The case involves billions of euros in which Banco Espírito Santo (BES) financed BESA using International Money Market (IMM) lines between at least late 2007 and the summer of 2014.
Among the indications that “it was not BES’s expectation to receive these amounts” is the fact that successive renewals of loans were detected without any formal request from BESA, explained today at the trial, the person responsible for the section on the exposure of the Portuguese bank to its Angolan subsidiary from the audit requested in 2014 by the Bank of Portugal to Deloitte.
“There is no history of payments from BESA to BES,” highlighted Vera Pita as a witness.
The financial consultant added that it was only in February 2013 that a “global limit” for IMM credit lines was established within the Portuguese bank, which, however, was not respected.
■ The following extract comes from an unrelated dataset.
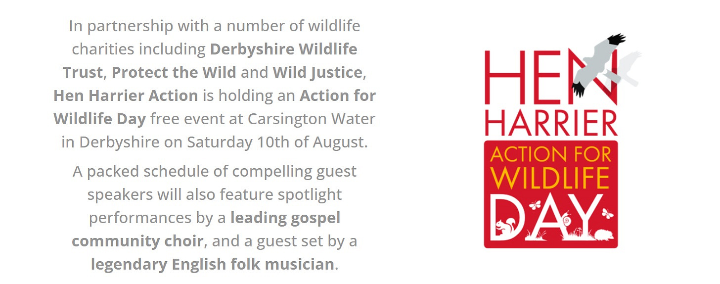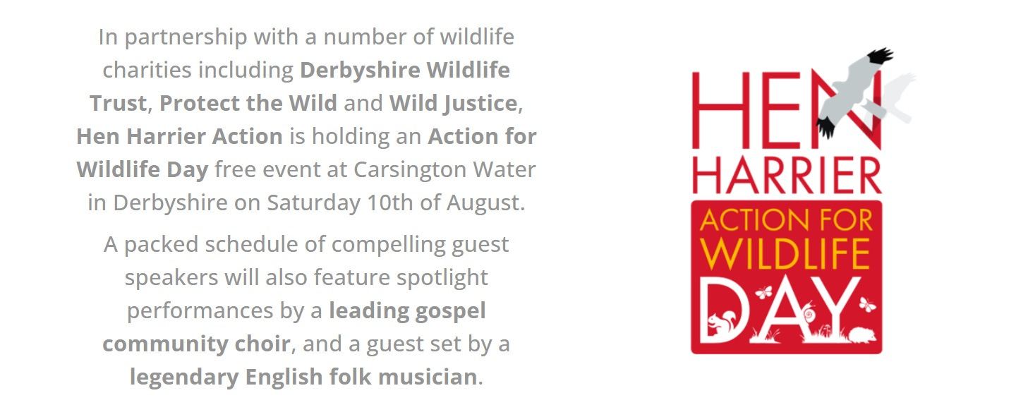 We are excited to announce that we are co-sponsors (with Derbyshire Wildlife Trust and Wild Justice) of Action for Wildlife Day, an event at Carsington Water organised by Hen Harrier Action. Taking place on 10 August we will be bringing our message of ‘empowering people to protect British wildlife’ into the Peak District - and of course explaining why we want to do everything we can to end the bird shooting industry. Both Rob and I are speaking at the event making this an excellent opportunity to showcase Protect the Wild. We are really looking forward to meeting supporters and colleagues alike, so do please stop by our stand and say hello!

According to the person responsible, the first peak of IMM financing from BES to BESA occurred in the second half of 2008, when the Portuguese bank lent about $1.5 billion to its subsidiary in Angola for it to subscribe to Angolan Treasury bonds.
“At least 1.24 billion was effectively used [for that purpose],” stated the witness, adding that her team could not discover how $760 million later redeemed by BESA from this investment were used.
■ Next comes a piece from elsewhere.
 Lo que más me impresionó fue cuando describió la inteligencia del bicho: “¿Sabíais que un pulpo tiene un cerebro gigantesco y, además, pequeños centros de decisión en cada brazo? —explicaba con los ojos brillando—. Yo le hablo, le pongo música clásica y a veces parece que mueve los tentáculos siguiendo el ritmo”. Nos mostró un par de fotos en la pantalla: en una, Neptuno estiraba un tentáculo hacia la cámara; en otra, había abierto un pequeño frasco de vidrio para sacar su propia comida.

“There is no evidence that [the amount] was used to pay IMM,” she emphasized.
According to the Public Prosecutor’s accusation, on July 31, 2014, BES’s exposure to BESA was 4.783 billion euros.
Former presidents of BES, Ricardo Salgado, and of BESA, Álvaro Sobrinho, are two of the five defendants being tried in this case, which mainly focuses on the alleged misappropriation of funds between 2007 and 2012 from BES to BESA in IMM credit lines and bank overdraft.
In general, the defendants face charges of breach of trust, money laundering, and fraud, and they deny committing the crimes.
The trial has been ongoing since May 5 at the Central Criminal Court of Lisbon.
BES went bankrupt in the summer of 2014, and BESA was liquidated in October of the same year.